YOUR INSTRUCTIONS: In the data below, find the line with "107高普函授-申論寫作班-作業更改-17:00~18:00" and the line with "2026年3月までに「フクハラ」の店舗に合計4台設置", then restate both and every line between them exactly, minus the pictures.

THE DATA:
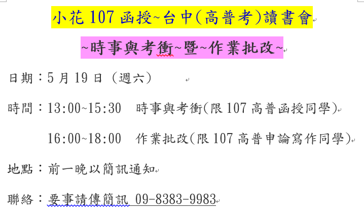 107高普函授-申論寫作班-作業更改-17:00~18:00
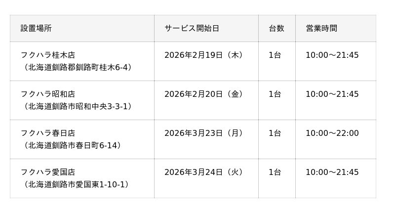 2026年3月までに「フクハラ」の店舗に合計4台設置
--
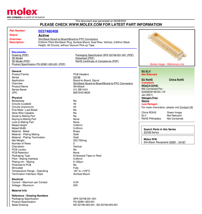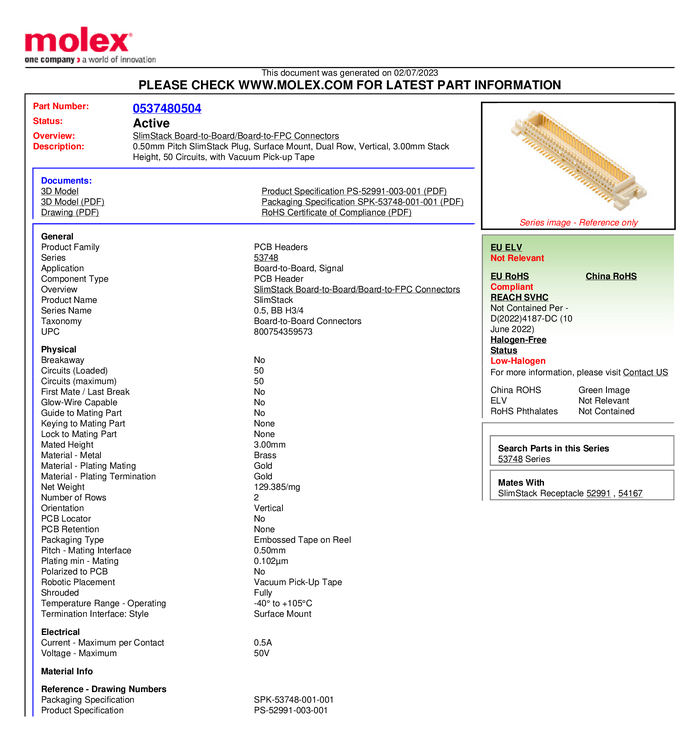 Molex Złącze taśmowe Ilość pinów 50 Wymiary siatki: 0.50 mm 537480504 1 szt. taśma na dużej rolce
--
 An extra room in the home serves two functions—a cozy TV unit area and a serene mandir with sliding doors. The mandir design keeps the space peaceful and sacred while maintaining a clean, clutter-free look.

COMPLETED EXERCISE:
 107高普函授-申論寫作班-作業更改-17:00~18:00
 2026年3月までに「フクハラ」の店舗に合計4台設置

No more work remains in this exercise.